___ Task material ___
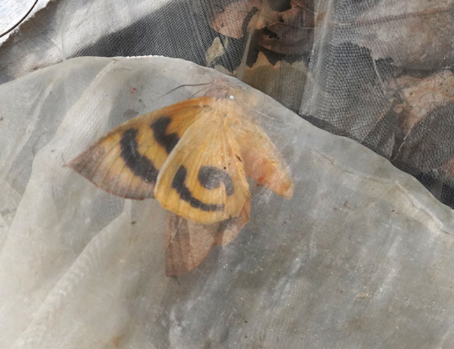 成虫で越冬する大きな蛾.MRTの森では冬に成虫を確認した.
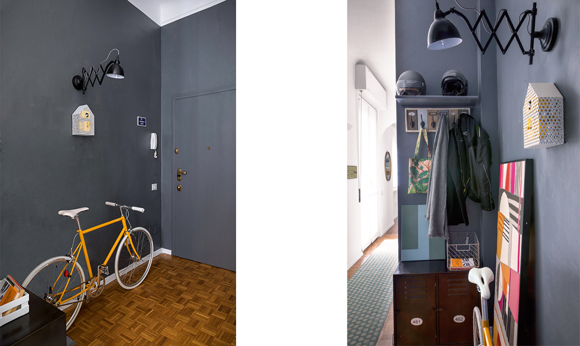 Sia le pareti sia la porta dell’ingresso sono state dipinte con la pittura London Grey 2021 [Wilson & Morris]. Orologio Oraora [Diamantini & Domeniconi €242], bicicletta [Tokyobike], lampada [Maisons
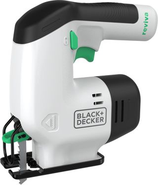 Sierra caladora de la marca Black+Decker, modelo Reviva. Diseño en color blanco y negro con detalles en verde. - Mango ergonómico. - Botón de encendido y seguro. - Base de apoyo. - Hoja de sierra incluida.
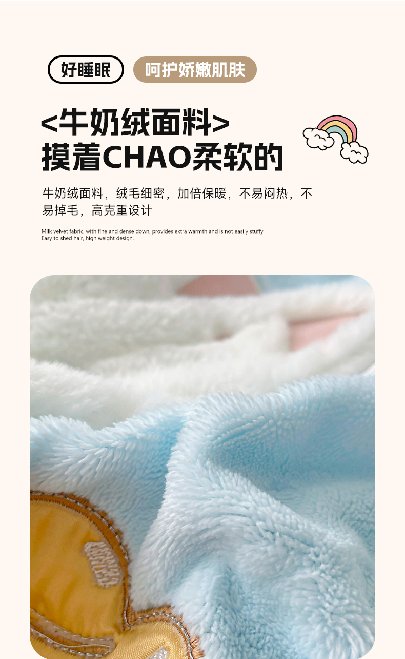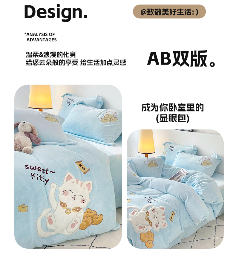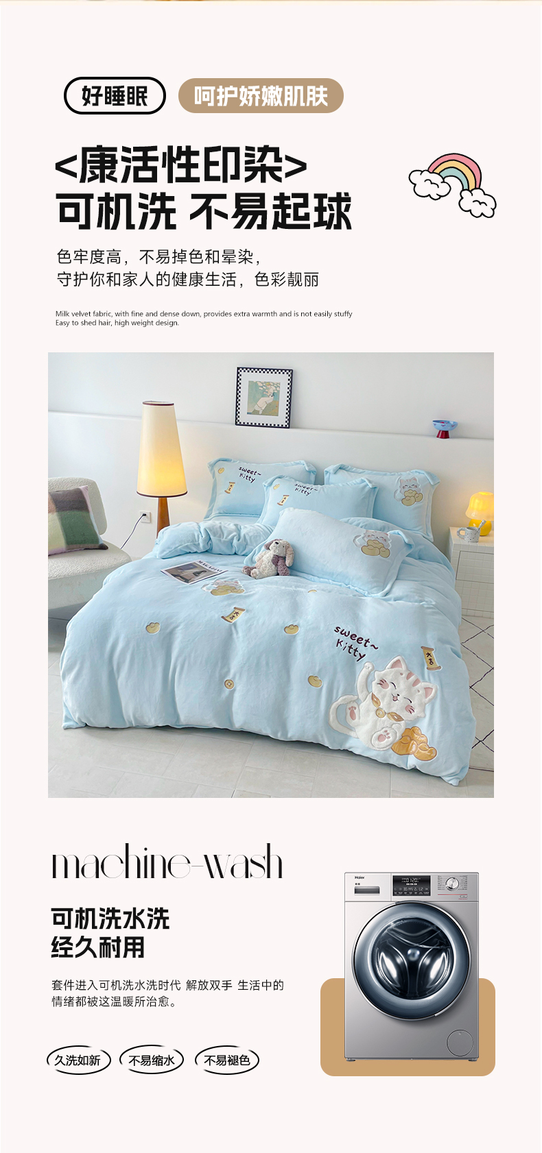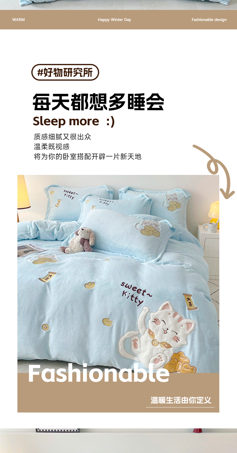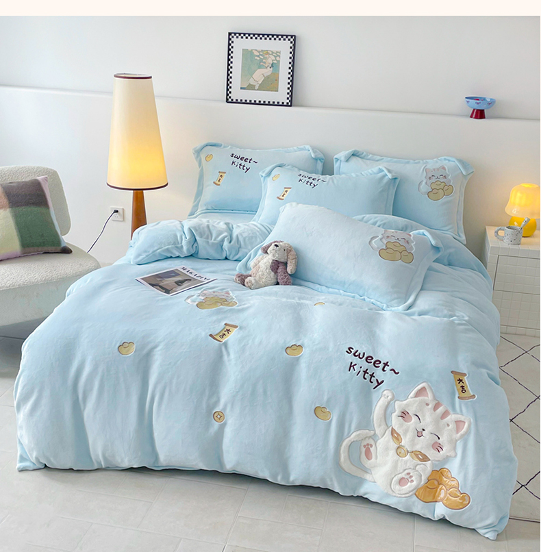 商品名称:金绣美居 2025新款卡通贴布绣款牛奶绒四件套-招财猫 招财猫-蓝
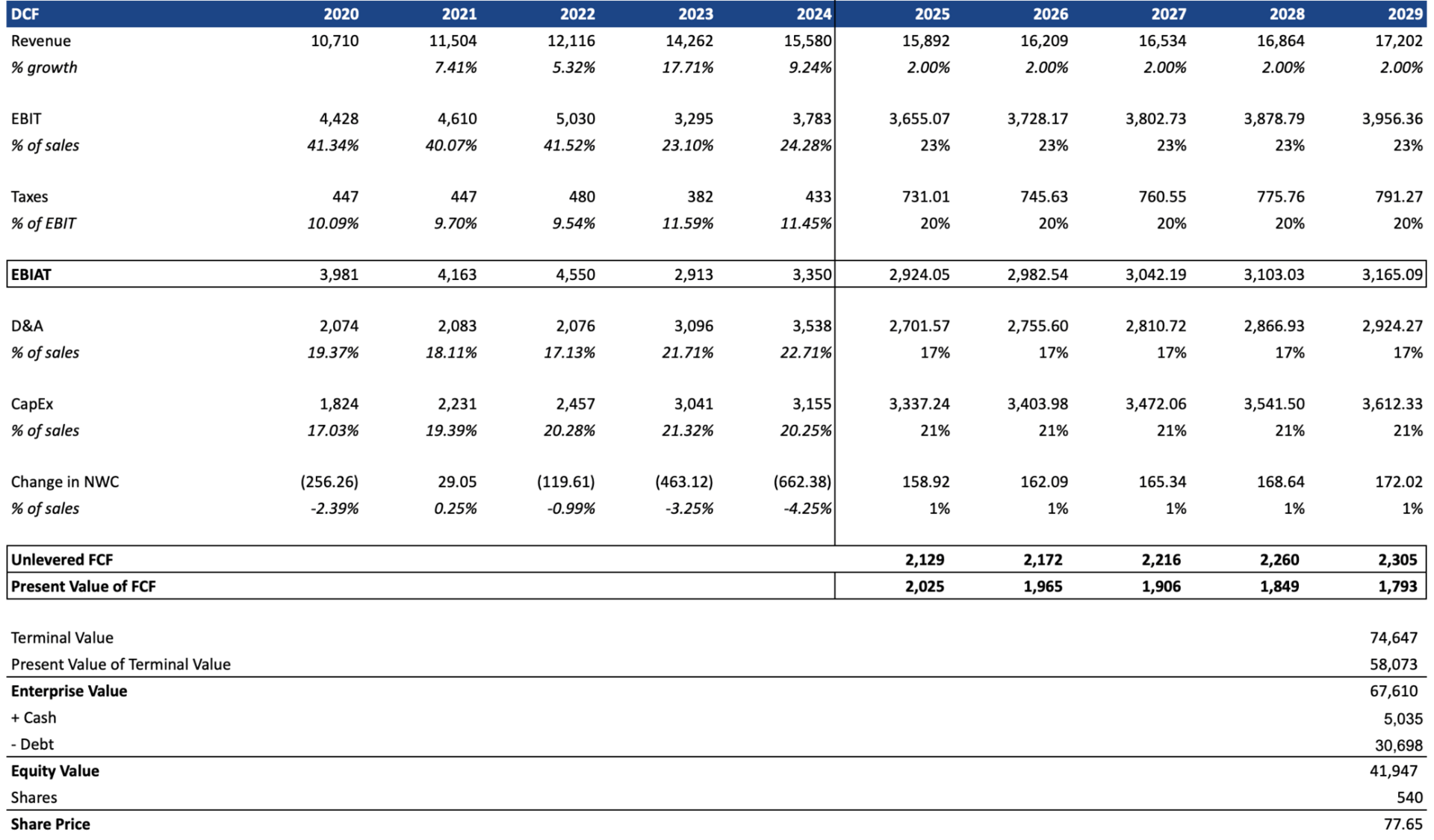 Rogers Communications has a price to earnings ratio of 14.78, an enterprise value to EBITDA ratio of 6.54, and an enterprise value to revenue ratio of 3.45. A comparison of these ratios to the ratios of comparable stocks is attached below. A price to earnings ratio of 27.21 is seen when averaging the price to earnings ratios of Rogers Communications and comparable stocks. Applying this multiple to Rogers Communications which had earnings per share of $2.43 USD in 2024, a share price of about $66 is seen. A EV/EBITDA ratio of 7.99 is seen when averaging the EV/EBITDA ratios of Rogers Communications and comparable stocks. Applying this multiple to Rogers communications, which had an EBITDA of $6.9 billion USD in 2024, an enterprise value of $55 billion USD is seen. Accounting for cash, debt, and share count, an enterprise value of $55 billion USD means a share price of about $54. An enterprise value to revenue ratio of 2.01 is seen when averaging the enterprise value to revenue ratio of Rogers Communications and comparable stocks. Applying this to Rogers Communications, which had 2024 revenues of $13 billion USD, means an enterprise value of $13.6 billion USD which equates to a share price of about $25.
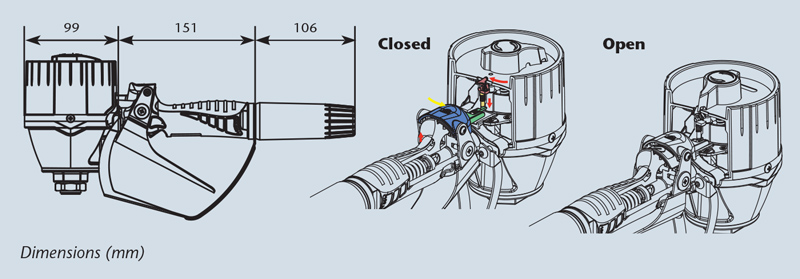 - High wear and stress resistant shut off mechanism.
___
Task to carry out: Quote the records in their entirety, keeping the wording exact and excluding pictures.

Response area:
 成虫で越冬する大きな蛾.MRTの森では冬に成虫を確認した.
 Sia le pareti sia la porta dell’ingresso sono state dipinte con la pittura London Grey 2021 [Wilson & Morris]. Orologio Oraora [Diamantini & Domeniconi €242], bicicletta [Tokyobike], lampada [Maisons
 Sierra caladora de la marca Black+Decker, modelo Reviva. Diseño en color blanco y negro con detalles en verde. - Mango ergonómico. - Botón de encendido y seguro. - Base de apoyo. - Hoja de sierra incluida.
 商品名称:金绣美居 2025新款卡通贴布绣款牛奶绒四件套-招财猫 招财猫-蓝
 Rogers Communications has a price to earnings ratio of 14.78, an enterprise value to EBITDA ratio of 6.54, and an enterprise value to revenue ratio of 3.45. A comparison of these ratios to the ratios of comparable stocks is attached below. A price to earnings ratio of 27.21 is seen when averaging the price to earnings ratios of Rogers Communications and comparable stocks. Applying this multiple to Rogers Communications which had earnings per share of $2.43 USD in 2024, a share price of about $66 is seen. A EV/EBITDA ratio of 7.99 is seen when averaging the EV/EBITDA ratios of Rogers Communications and comparable stocks. Applying this multiple to Rogers communications, which had an EBITDA of $6.9 billion USD in 2024, an enterprise value of $55 billion USD is seen. Accounting for cash, debt, and share count, an enterprise value of $55 billion USD means a share price of about $54. An enterprise value to revenue ratio of 2.01 is seen when averaging the enterprise value to revenue ratio of Rogers Communications and comparable stocks. Applying this to Rogers Communications, which had 2024 revenues of $13 billion USD, means an enterprise value of $13.6 billion USD which equates to a share price of about $25.
 - High wear and stress resistant shut off mechanism.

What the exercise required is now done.